Cyrus Olney (October 11, 1815 – December 12, 1870) was an American politician and lawyer in what would become the state of Oregon. He was the 6th justice of the Oregon Supreme Court serving while the region was still the Oregon Territory. A native of Ohio, Olney later was a member of the 1857 Oregon Constitutional Convention, and later served in the Oregon legislature.

==Early life==
Cyrus Olney was born on October 11, 1815, in Geneva, New York. He was raised in Ohio, where he was educated in the public schools and later law school in Cincinnati.

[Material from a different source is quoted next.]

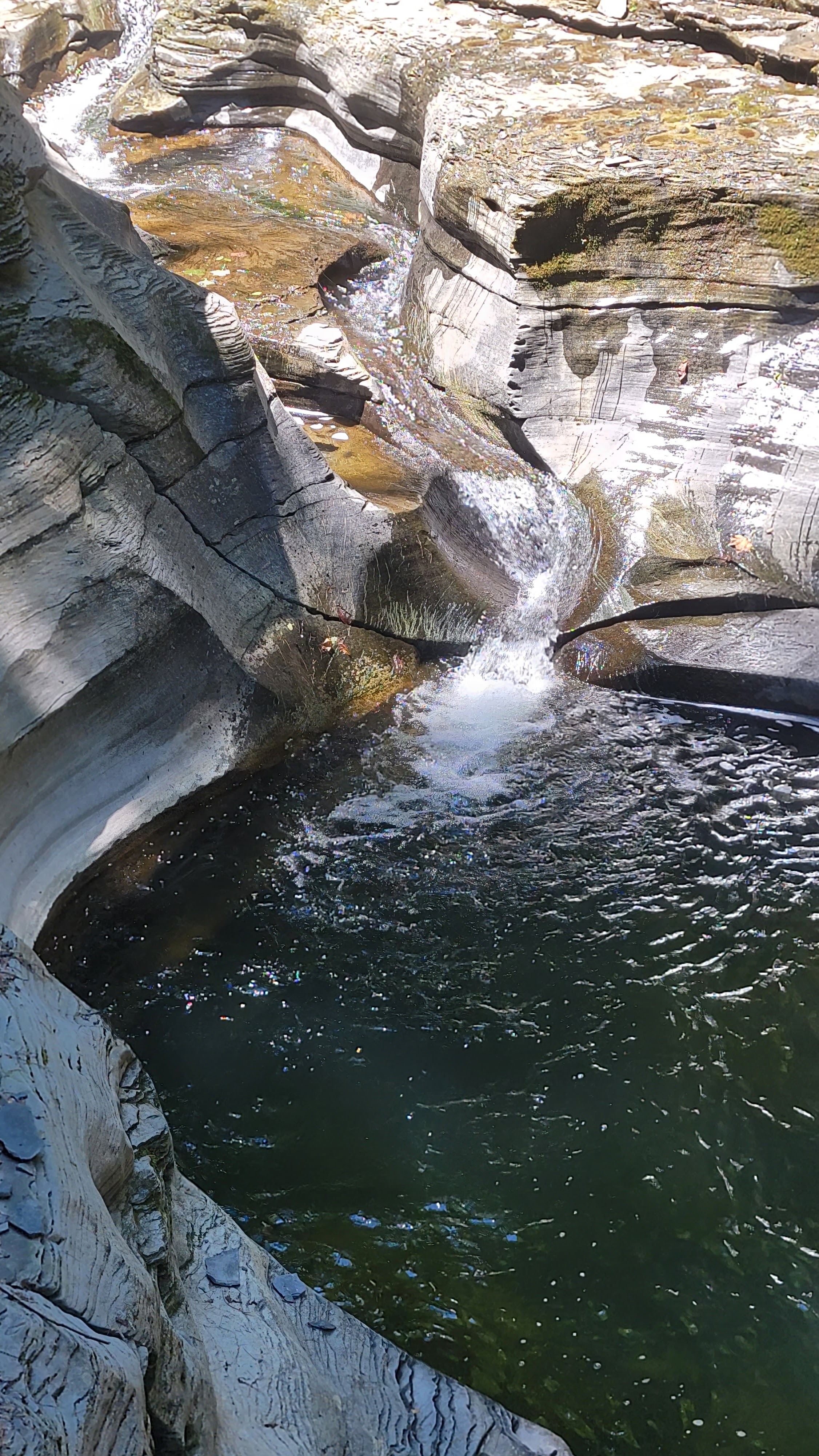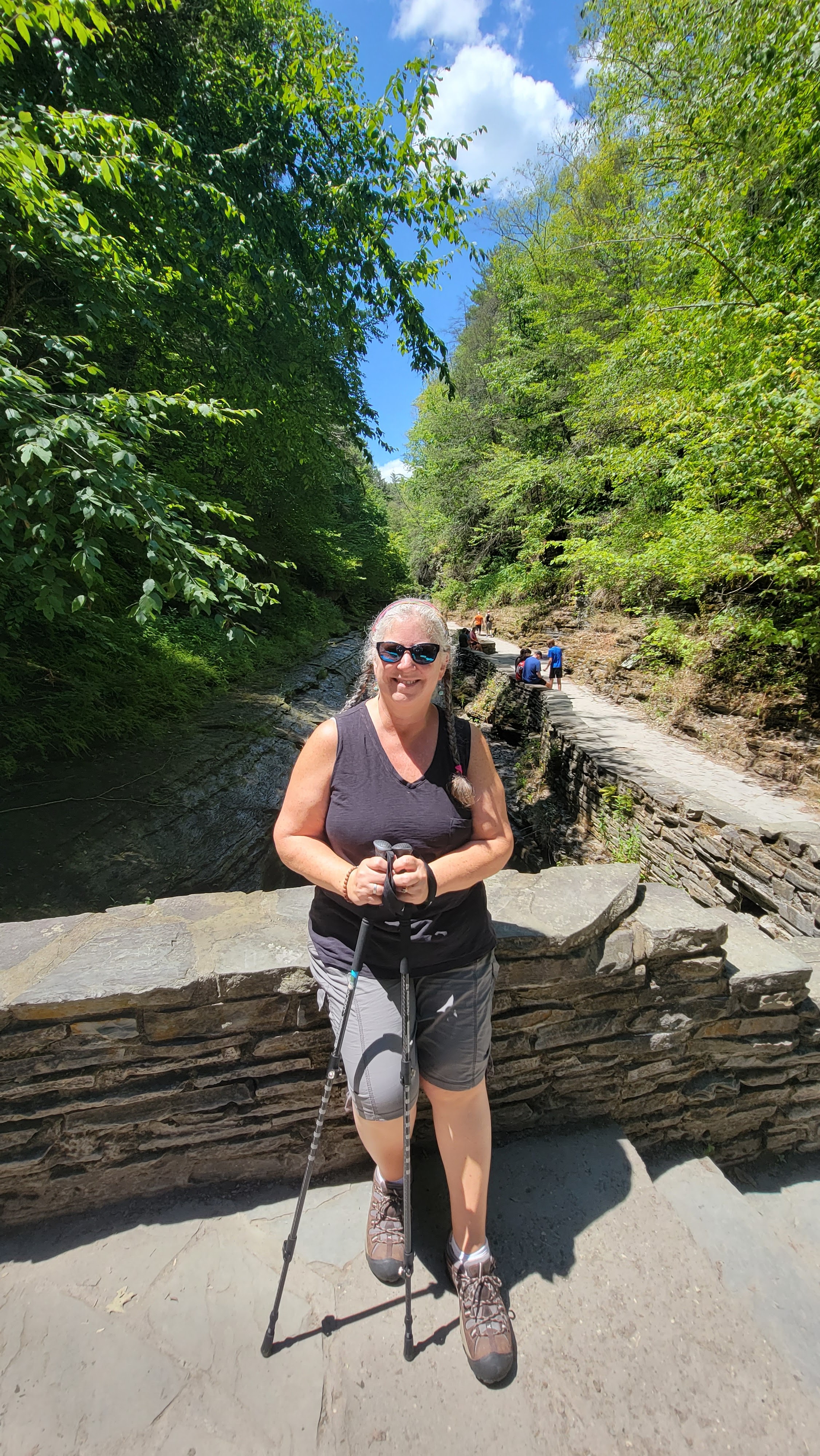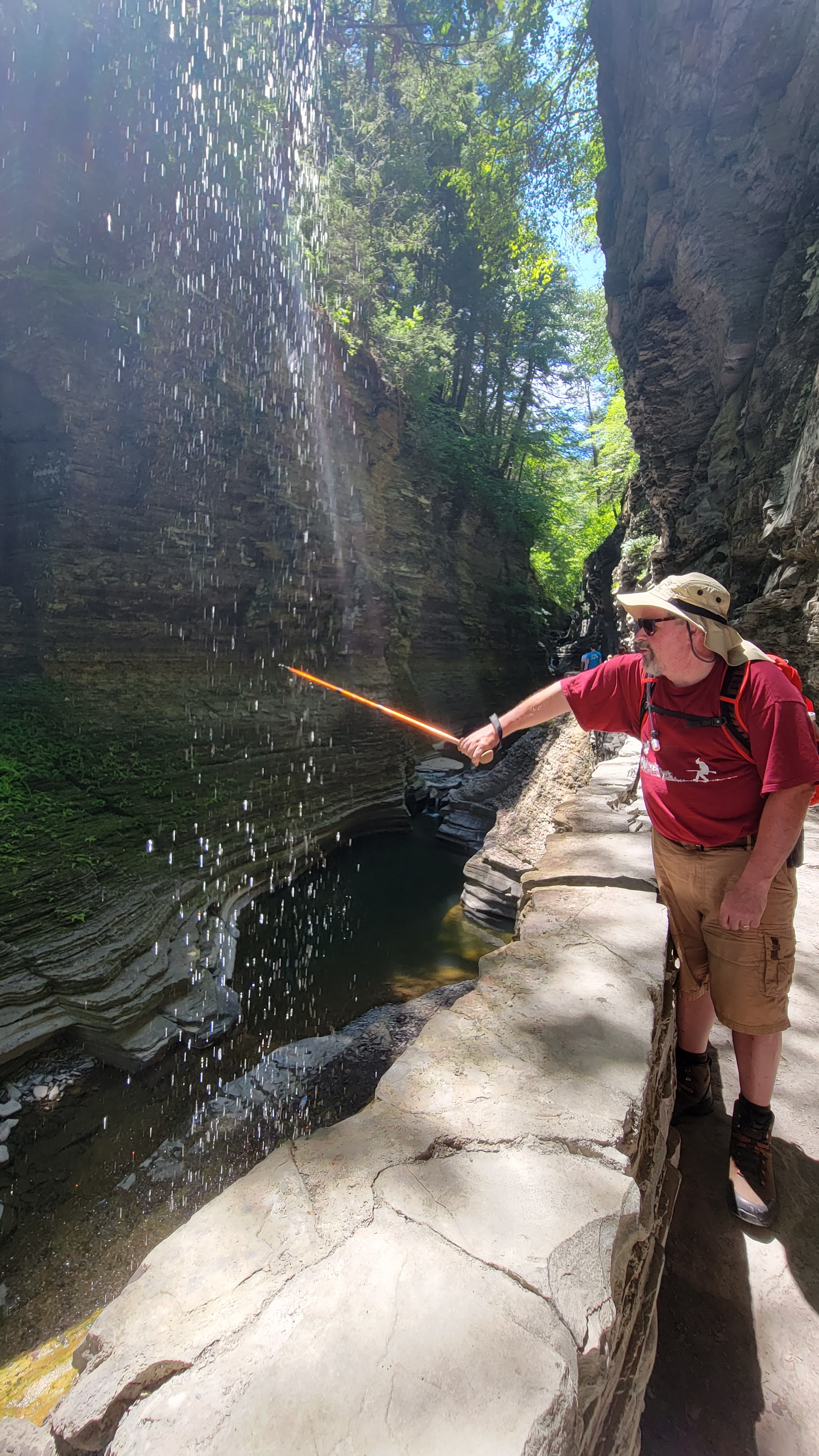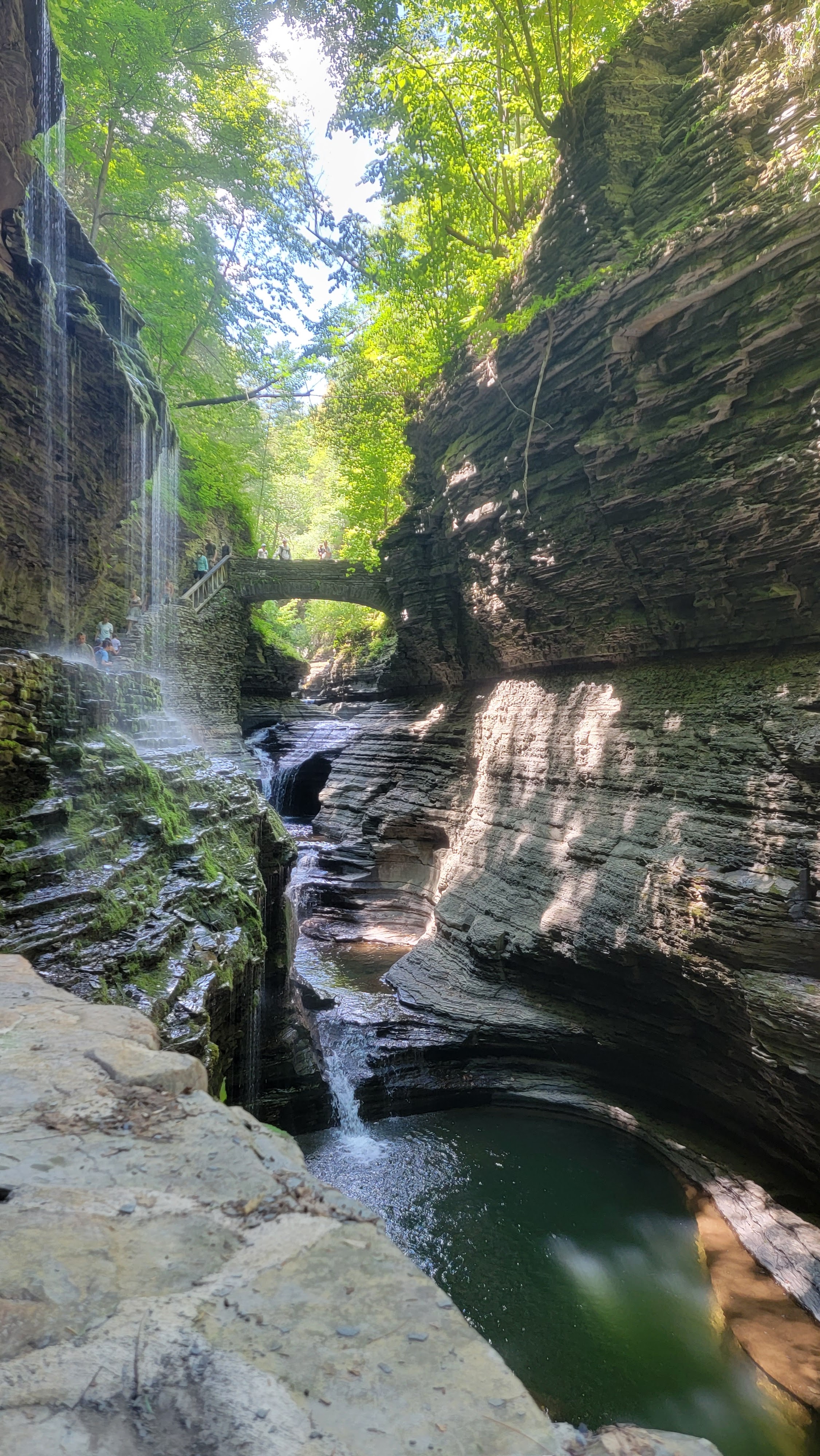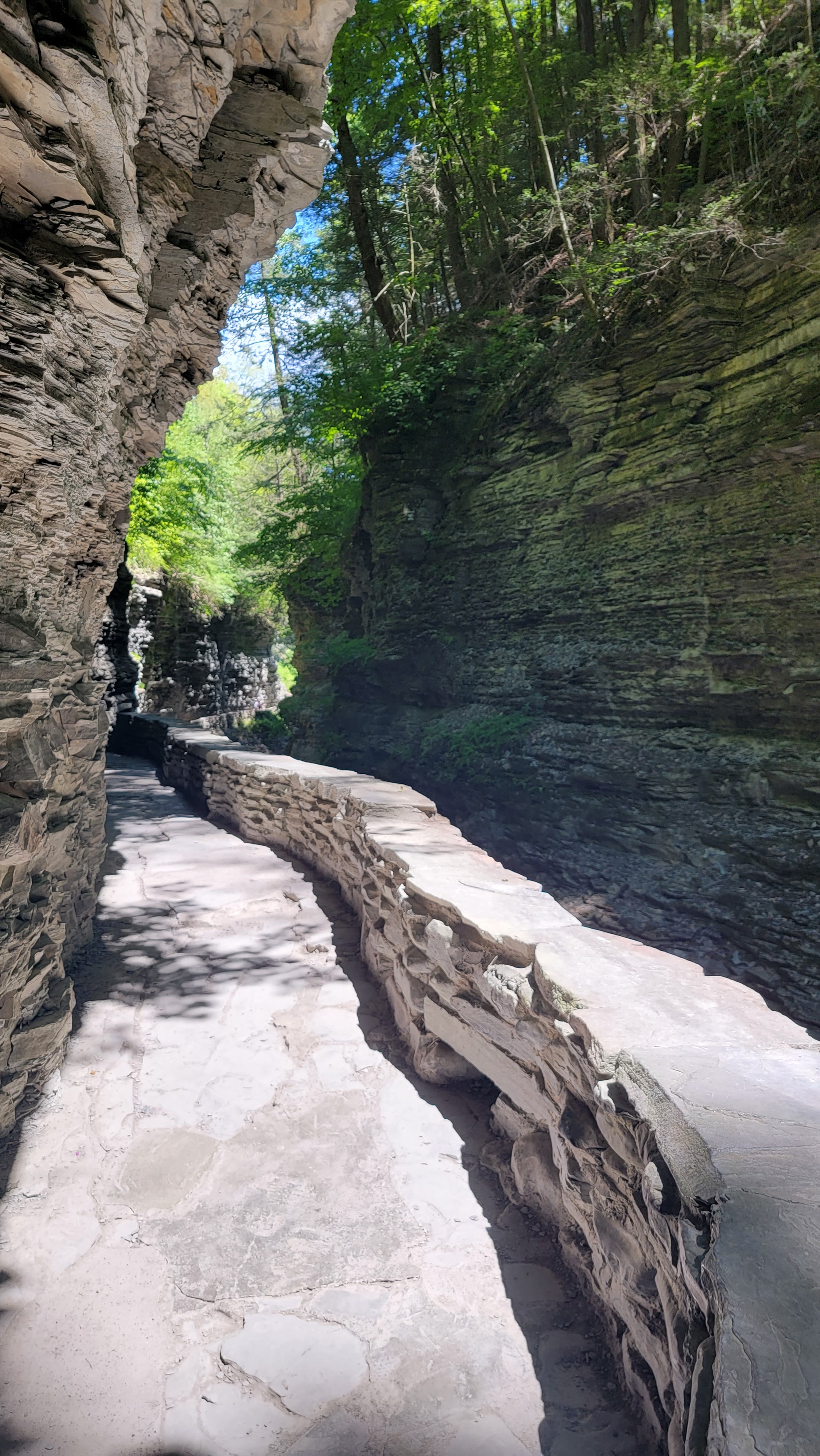 THE GORGE IS GORGEOUS! This is the reason you come right?? yes! This gorge and its waterfalls (some you can walk behind) is dubbed the “Grand Canyon of the East” and aptly so! It is beautiful from so many angles as you traverse the stone staircases, walk over stone bridges and navigate through some cut winding grottos with staircases (one forged in 1908!) We were here in mid-July and to be honest, the water levels were fairly low so some of the waterfalls were not as grand as they would have been in late spring. NOTE- sometimes the trail is closed if water levels are too high so double check their website for alerts. Nevertheless, being there on a sultry July day we enjoyed the cool misty atmosphere of the gorge itself. Temps dropped easily by 20 degrees and the mist from some areas was a welcomed surreal bath. I am sure the gorge in the fall is beautiful but note, much of it is rock so to see fall foliage you are going to need to be looking up more than around. Do only wear closed, sturdy shoes! The steps are stone, wet and uneven at times. We wore our hiking shoes and were just fine. There are several staircases that shoot off and up to the top edge of the eastern side of the gorge. We did not take any of these but we understand one leads to an old cemetery with grave markers of original settlers to the area and others lead to other more overarching overlooks of the gorge. These could be fantastic with fall foliage in full swing and give you views of the surrounding lake area of Seneca lake itself.

After passing the bar he practiced law for a time in Ohio before moving to Iowa, where he was a judge for four years.

==Oregon==
Olney moved to Oregon and began law practice in Portland in 1851. He continued in this endeavor until 1853, when United States President Franklin Pierce appointed him to the Oregon Supreme Court. Olney remained on the court until 1858 when he resigned, though he had attempted to resign in 1853 and 1854. During this time, he also served as a delegate to the Oregon Constitutional Convention in 1857 representing Clatsop County. At the Convention he excused himself and did not vote on the final resolution. In 1866 he was elected to the Oregon House of Representatives from Clatsop, Columbia, and Tillamook counties. Serving as a Republican he was elected after a one session absence in 1870.

==Later life and family==
Olney married twice in his lifetime. He had a total of seven children from the two marriages. Olney died on December 21, 1870 (or December 21, 1870) in Astoria at the age of 55. He had been addicted to opium and chloroform up to his death. Olney, Oregon was named for him.